(PROVIDED MATERIAL)

%%

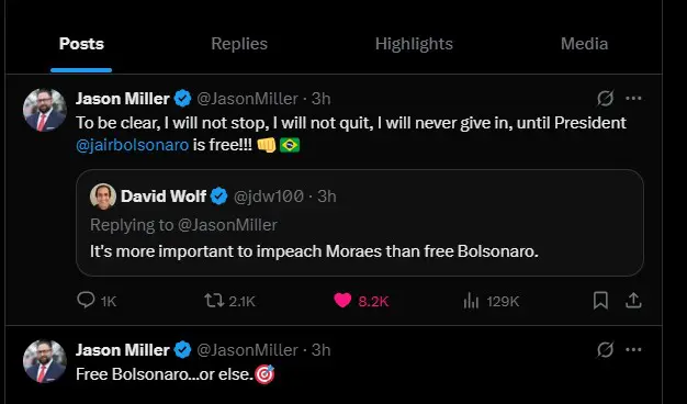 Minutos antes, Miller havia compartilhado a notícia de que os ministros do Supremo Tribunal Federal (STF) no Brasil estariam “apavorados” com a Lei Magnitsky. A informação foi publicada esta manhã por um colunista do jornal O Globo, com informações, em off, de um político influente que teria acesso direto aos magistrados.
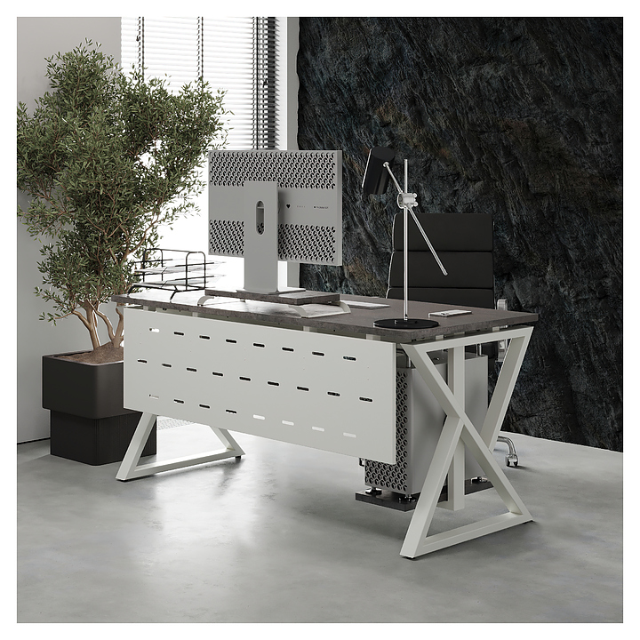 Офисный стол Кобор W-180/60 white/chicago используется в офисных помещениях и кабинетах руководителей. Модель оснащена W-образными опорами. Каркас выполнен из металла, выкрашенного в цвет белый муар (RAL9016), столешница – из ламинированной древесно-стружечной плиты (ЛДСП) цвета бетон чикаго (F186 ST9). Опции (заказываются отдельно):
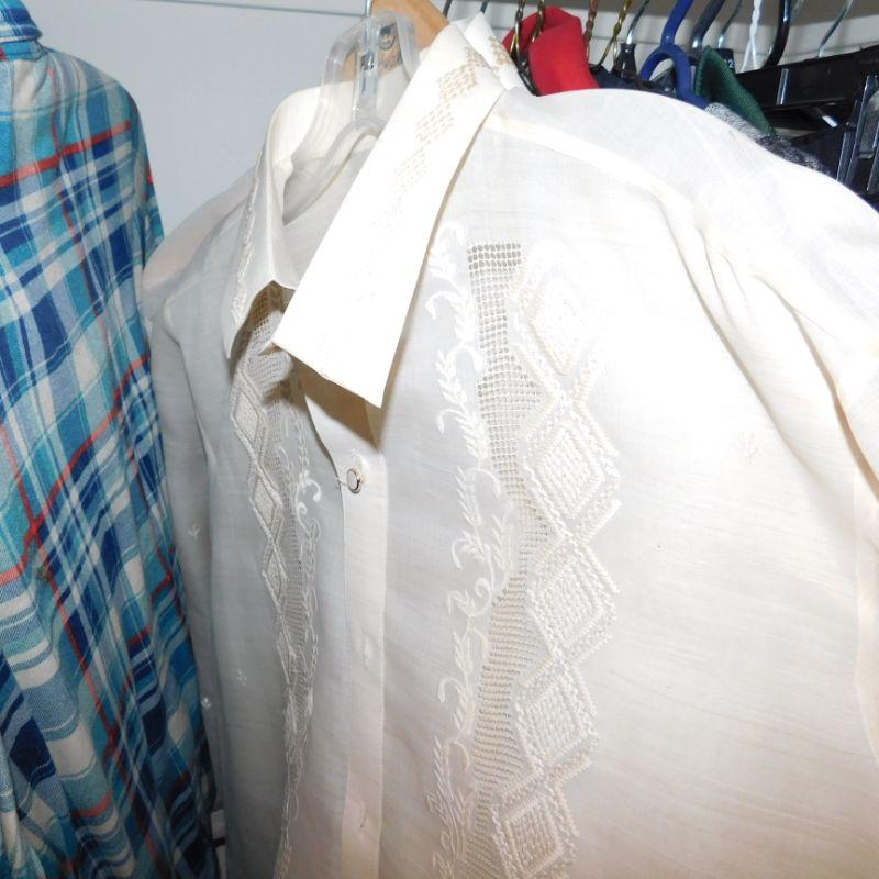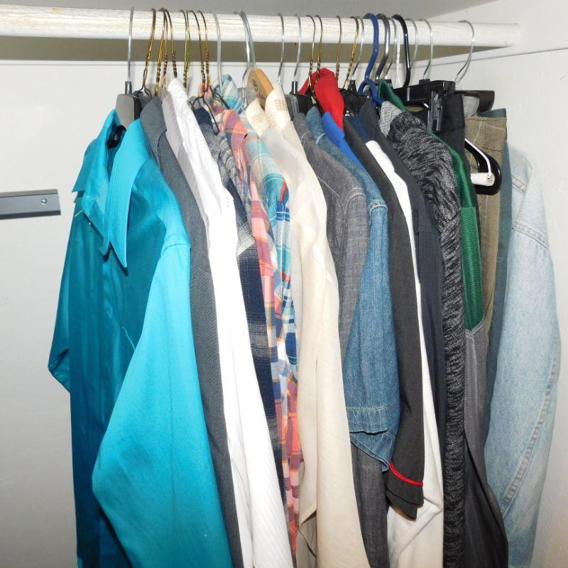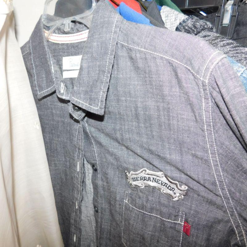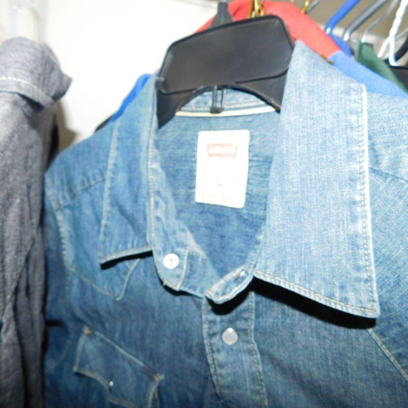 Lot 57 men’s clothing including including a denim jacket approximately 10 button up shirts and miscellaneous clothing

%%
%%

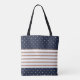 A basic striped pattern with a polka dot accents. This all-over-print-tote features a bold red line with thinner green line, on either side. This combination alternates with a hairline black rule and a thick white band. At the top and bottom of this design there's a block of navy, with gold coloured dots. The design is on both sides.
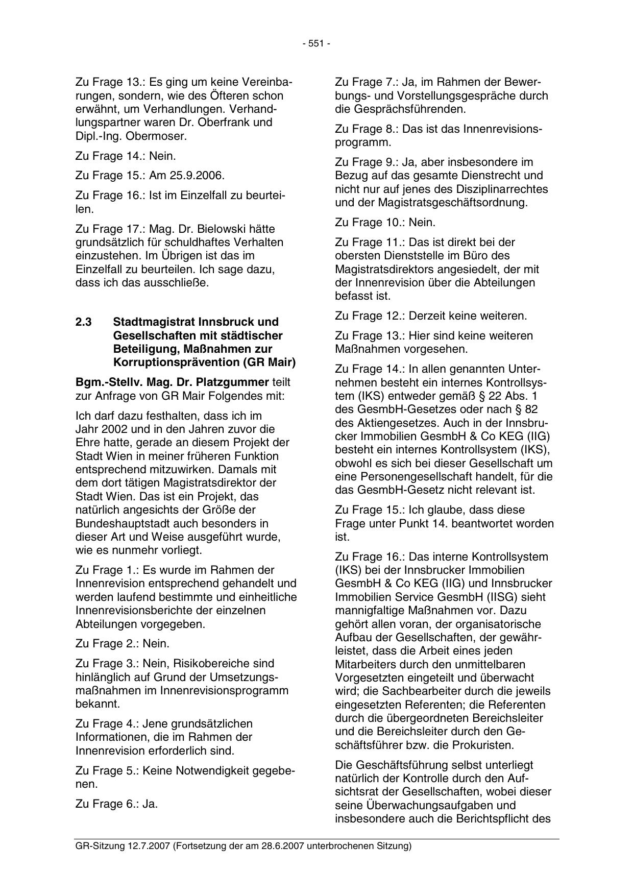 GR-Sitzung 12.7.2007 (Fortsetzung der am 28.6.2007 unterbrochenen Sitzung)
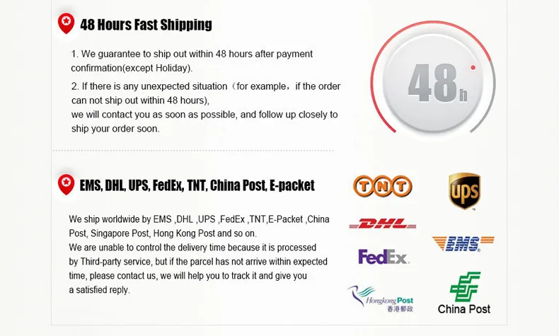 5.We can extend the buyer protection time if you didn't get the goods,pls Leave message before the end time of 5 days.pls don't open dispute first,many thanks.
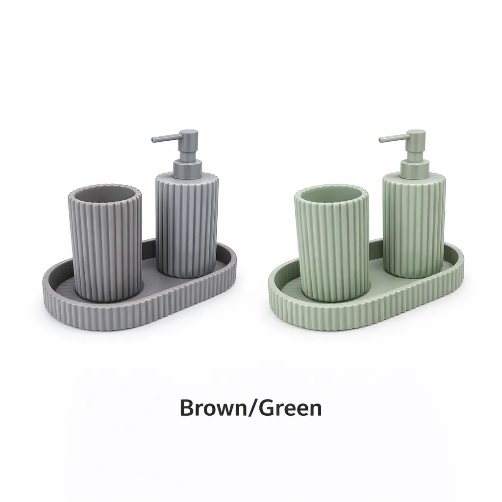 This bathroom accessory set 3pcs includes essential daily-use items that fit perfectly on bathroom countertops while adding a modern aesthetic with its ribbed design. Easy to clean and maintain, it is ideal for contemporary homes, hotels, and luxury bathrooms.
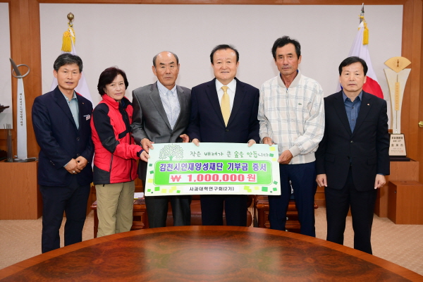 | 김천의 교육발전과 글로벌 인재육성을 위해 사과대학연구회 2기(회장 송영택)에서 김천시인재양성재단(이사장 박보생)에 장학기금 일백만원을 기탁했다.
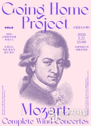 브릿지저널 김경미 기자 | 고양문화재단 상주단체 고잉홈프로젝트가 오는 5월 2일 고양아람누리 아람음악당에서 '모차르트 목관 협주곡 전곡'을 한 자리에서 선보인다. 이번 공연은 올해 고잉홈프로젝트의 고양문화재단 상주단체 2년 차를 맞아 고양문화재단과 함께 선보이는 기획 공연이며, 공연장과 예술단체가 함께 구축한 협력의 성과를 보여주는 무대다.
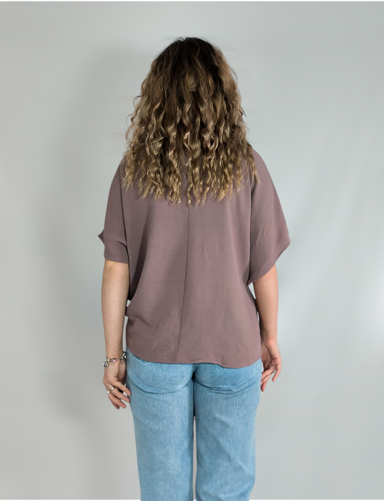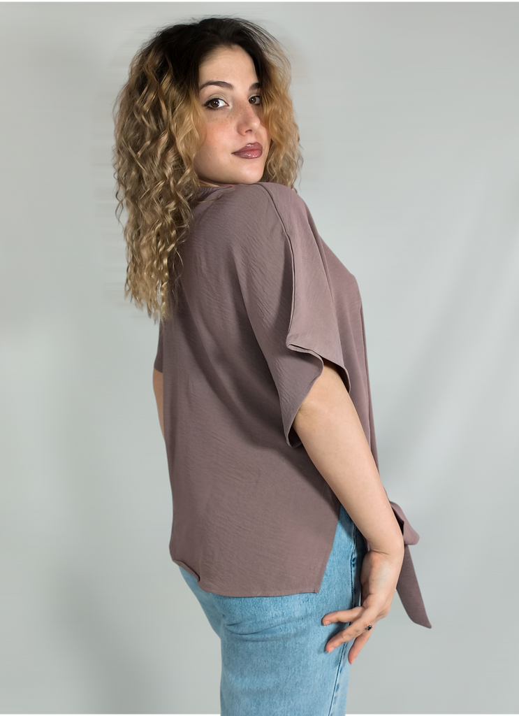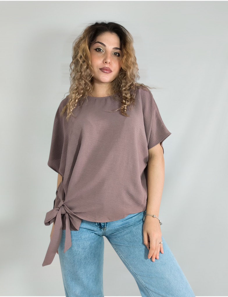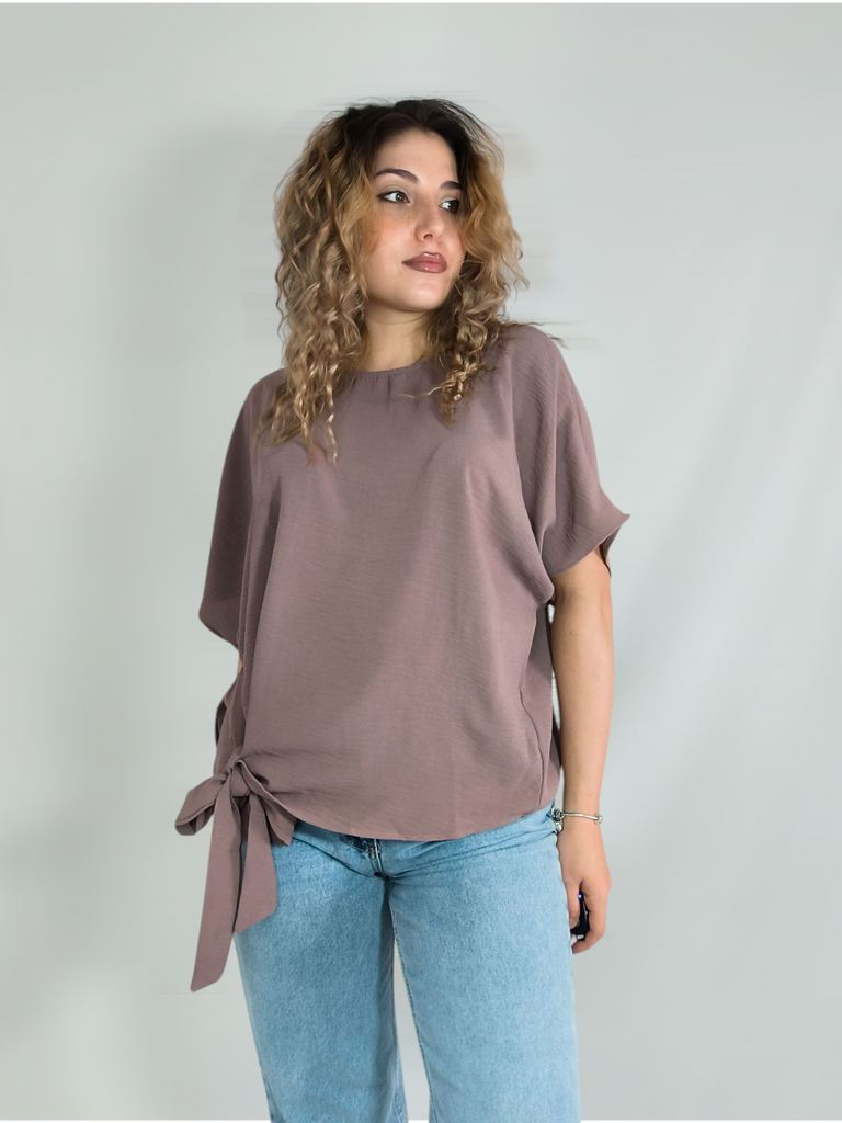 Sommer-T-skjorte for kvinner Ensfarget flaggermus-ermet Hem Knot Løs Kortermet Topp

%%
%%

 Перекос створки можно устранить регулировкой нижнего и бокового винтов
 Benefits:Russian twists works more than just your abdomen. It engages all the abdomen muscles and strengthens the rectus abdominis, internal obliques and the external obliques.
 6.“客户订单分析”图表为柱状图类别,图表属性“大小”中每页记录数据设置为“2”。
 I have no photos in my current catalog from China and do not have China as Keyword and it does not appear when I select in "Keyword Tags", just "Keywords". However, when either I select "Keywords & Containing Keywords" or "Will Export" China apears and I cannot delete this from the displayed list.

%%

(WHAT YOU NEED TO DO) For this task, return exactly the stretch of the listing above from the line with "Minutos antes, Miller" through the line with "Lot 57 men’s", inclusive and without pictures.

(COMPLETED EXERCISE)
 Minutos antes, Miller havia compartilhado a notícia de que os ministros do Supremo Tribunal Federal (STF) no Brasil estariam “apavorados” com a Lei Magnitsky. A informação foi publicada esta manhã por um colunista do jornal O Globo, com informações, em off, de um político influente que teria acesso direto aos magistrados.
 Офисный стол Кобор W-180/60 white/chicago используется в офисных помещениях и кабинетах руководителей. Модель оснащена W-образными опорами. Каркас выполнен из металла, выкрашенного в цвет белый муар (RAL9016), столешница – из ламинированной древесно-стружечной плиты (ЛДСП) цвета бетон чикаго (F186 ST9). Опции (заказываются отдельно):
 Lot 57 men’s clothing including including a denim jacket approximately 10 button up shirts and miscellaneous clothing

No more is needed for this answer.